# Work instructions
From the line that has "Si vous avez" down to the last line of the data below, set down every line exactly, but none of the pictures.
::: Information shown
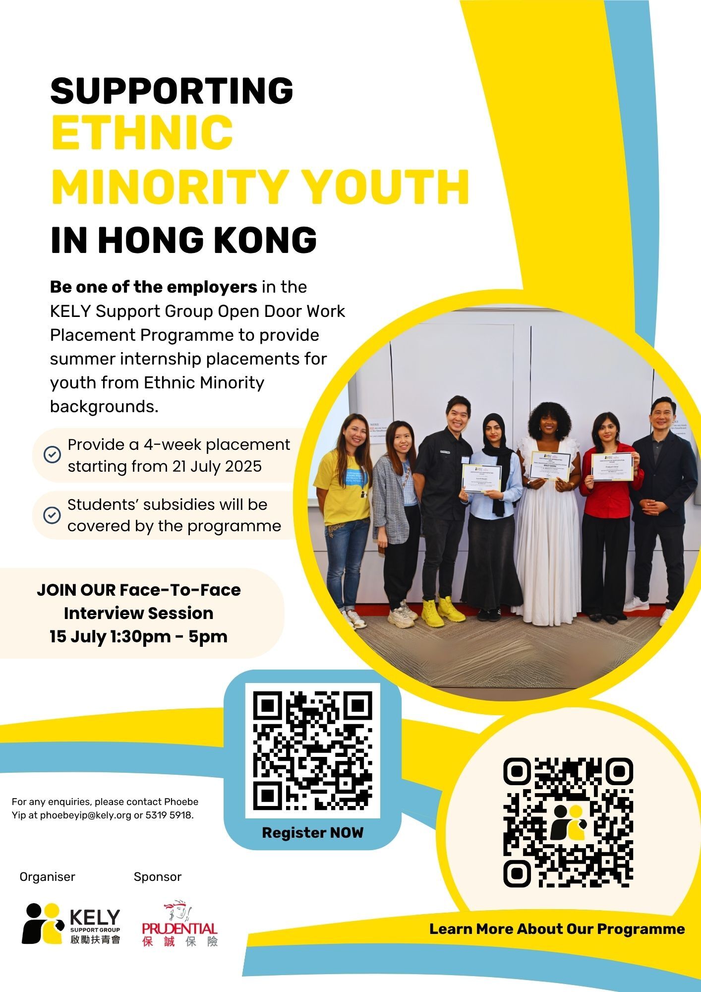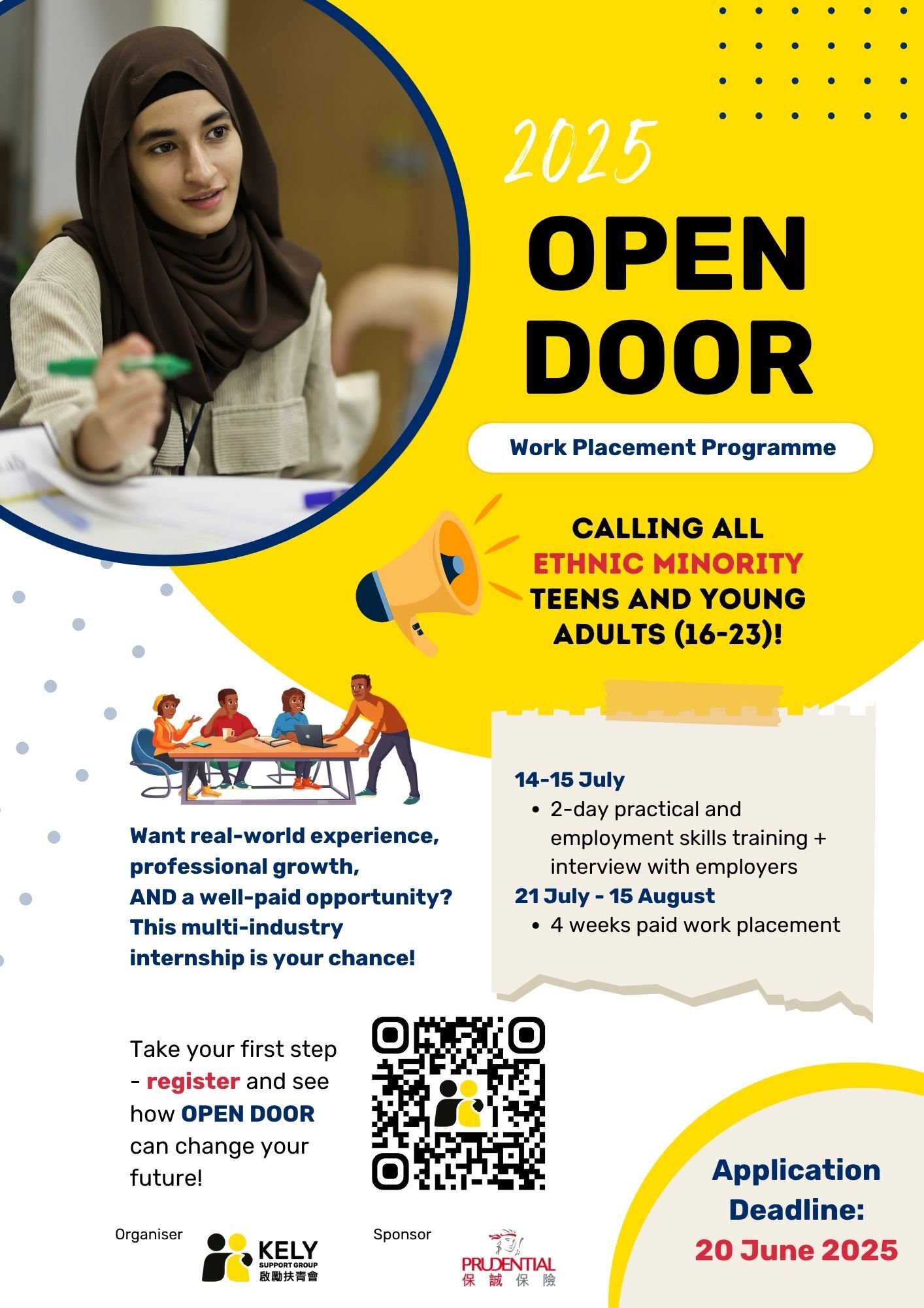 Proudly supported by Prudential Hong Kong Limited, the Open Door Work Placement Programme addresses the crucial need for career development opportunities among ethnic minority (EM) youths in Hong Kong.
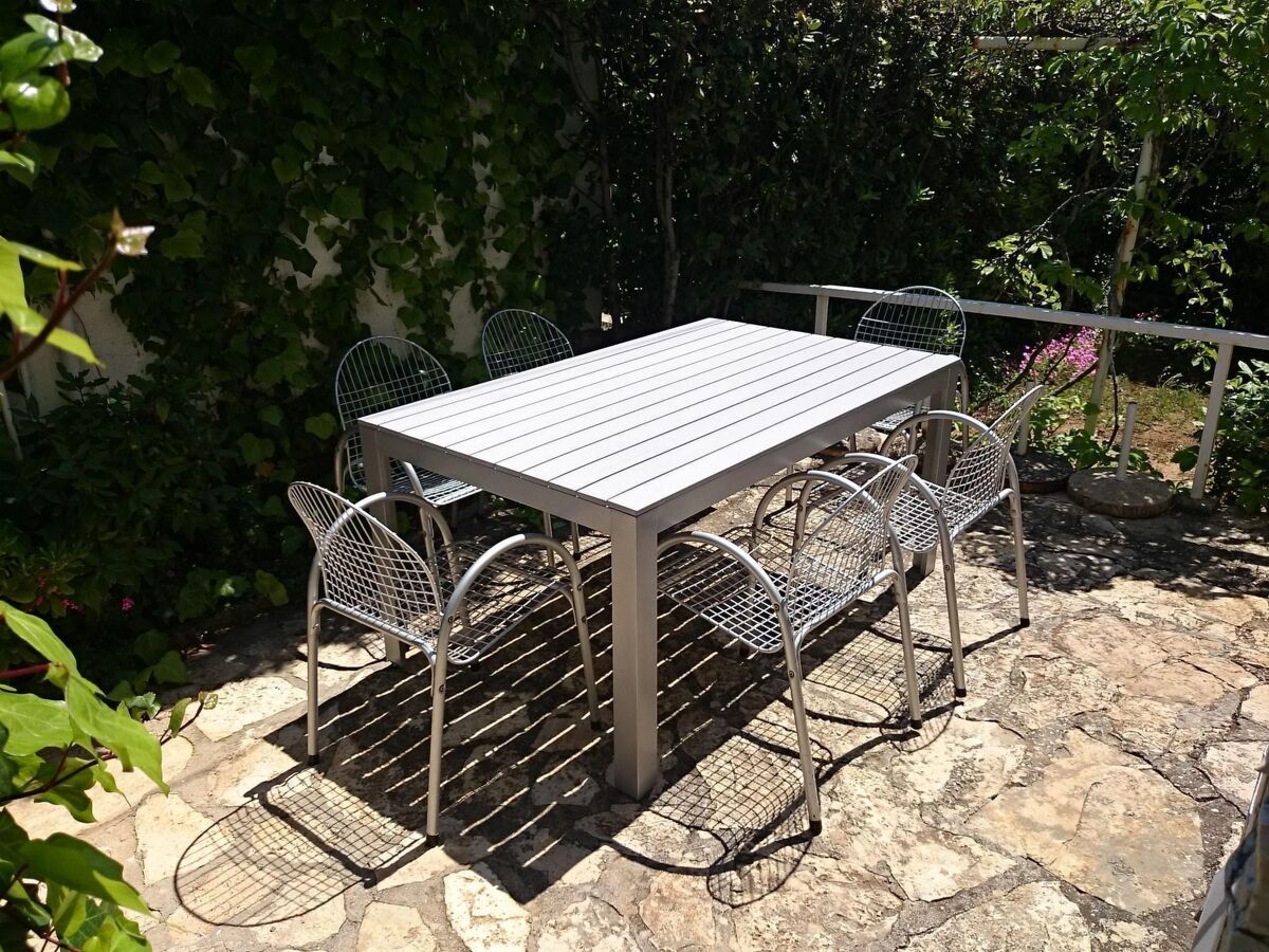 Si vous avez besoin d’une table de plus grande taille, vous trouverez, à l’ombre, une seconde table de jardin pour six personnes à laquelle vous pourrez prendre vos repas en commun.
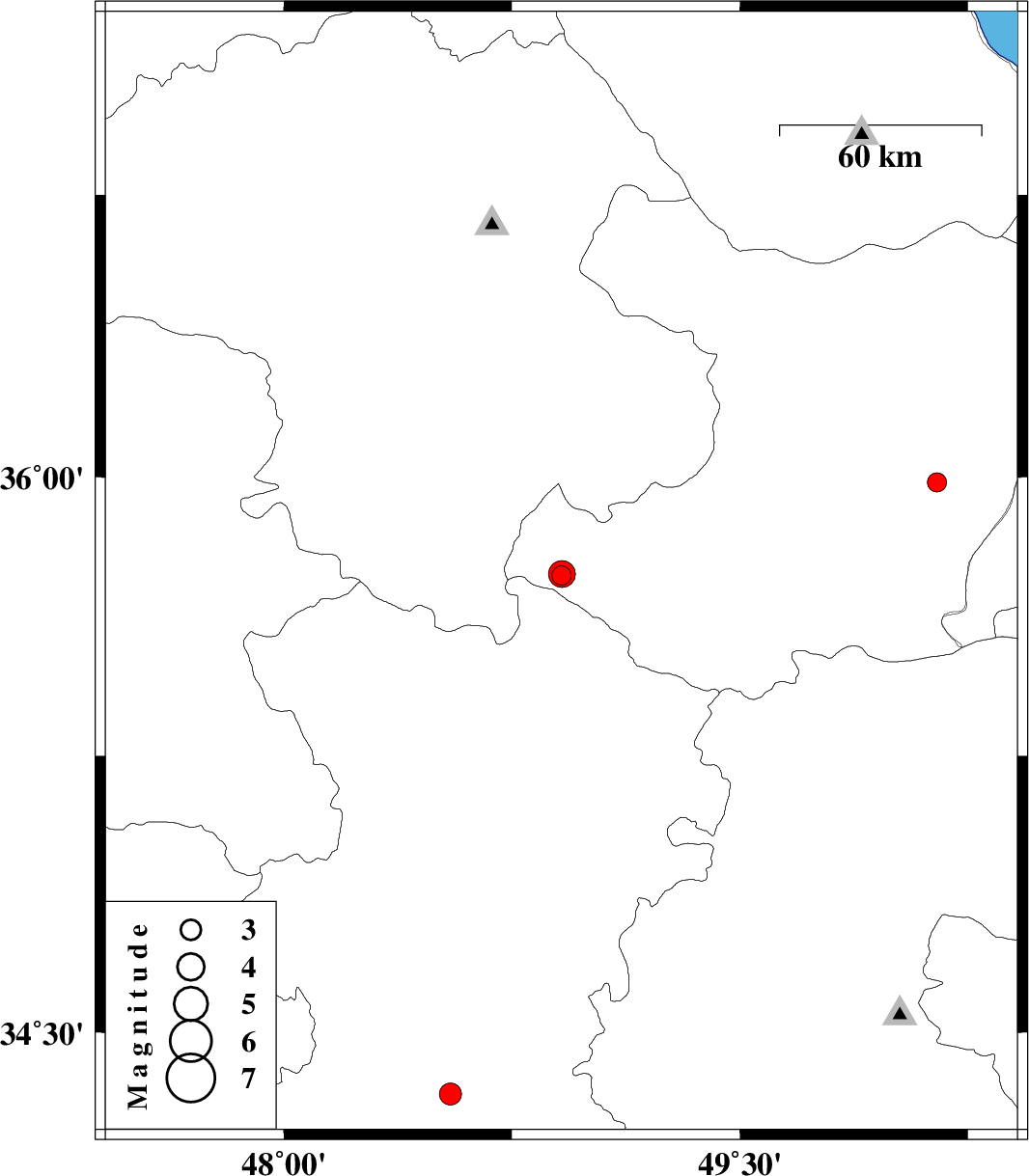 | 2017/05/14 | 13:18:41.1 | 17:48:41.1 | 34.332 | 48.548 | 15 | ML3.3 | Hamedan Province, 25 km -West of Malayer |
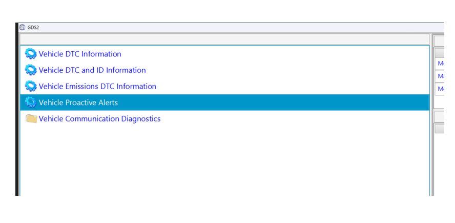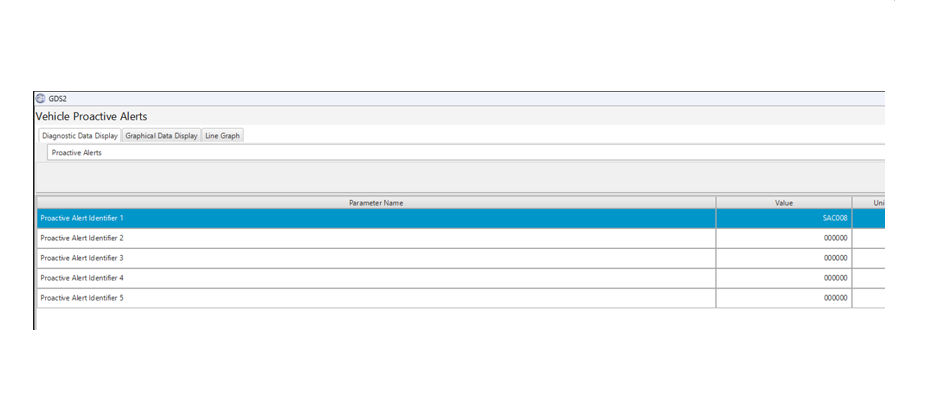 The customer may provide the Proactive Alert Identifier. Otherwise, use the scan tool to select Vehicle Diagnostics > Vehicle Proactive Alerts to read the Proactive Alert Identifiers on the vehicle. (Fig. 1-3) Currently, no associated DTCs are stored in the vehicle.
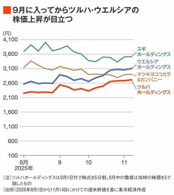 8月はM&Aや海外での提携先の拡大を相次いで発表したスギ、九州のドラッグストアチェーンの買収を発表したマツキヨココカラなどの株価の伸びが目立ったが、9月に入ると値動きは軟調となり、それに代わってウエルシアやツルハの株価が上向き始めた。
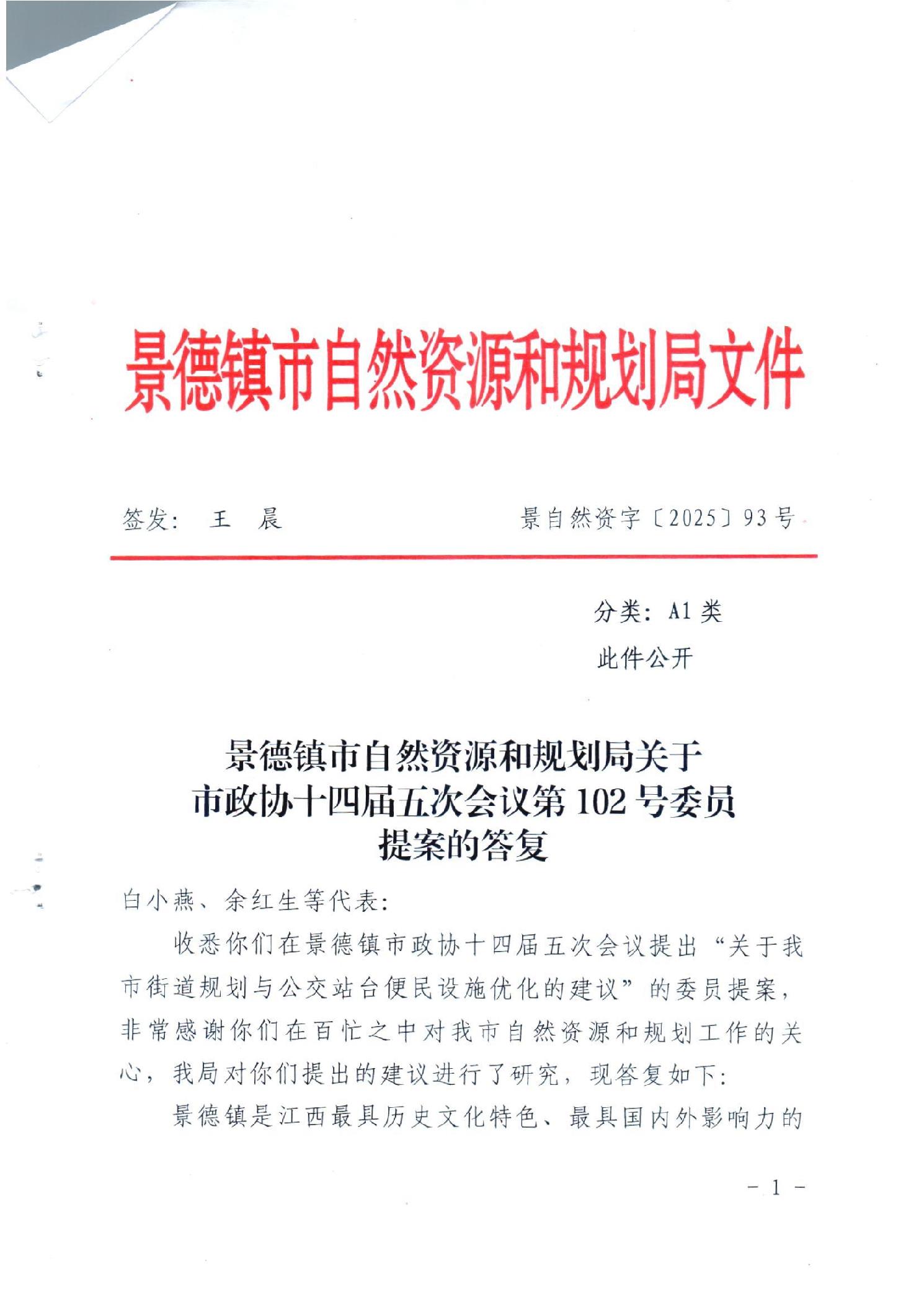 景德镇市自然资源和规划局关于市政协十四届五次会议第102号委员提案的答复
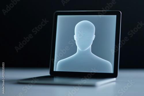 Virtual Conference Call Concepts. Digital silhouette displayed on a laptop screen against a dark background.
::::::
# Response box
 Si vous avez besoin d’une table de plus grande taille, vous trouverez, à l’ombre, une seconde table de jardin pour six personnes à laquelle vous pourrez prendre vos repas en commun.
 | 2017/05/14 | 13:18:41.1 | 17:48:41.1 | 34.332 | 48.548 | 15 | ML3.3 | Hamedan Province, 25 km -West of Malayer |
 The customer may provide the Proactive Alert Identifier. Otherwise, use the scan tool to select Vehicle Diagnostics > Vehicle Proactive Alerts to read the Proactive Alert Identifiers on the vehicle. (Fig. 1-3) Currently, no associated DTCs are stored in the vehicle.
 8月はM&Aや海外での提携先の拡大を相次いで発表したスギ、九州のドラッグストアチェーンの買収を発表したマツキヨココカラなどの株価の伸びが目立ったが、9月に入ると値動きは軟調となり、それに代わってウエルシアやツルハの株価が上向き始めた。
 景德镇市自然资源和规划局关于市政协十四届五次会议第102号委员提案的答复
 Virtual Conference Call Concepts. Digital silhouette displayed on a laptop screen against a dark background.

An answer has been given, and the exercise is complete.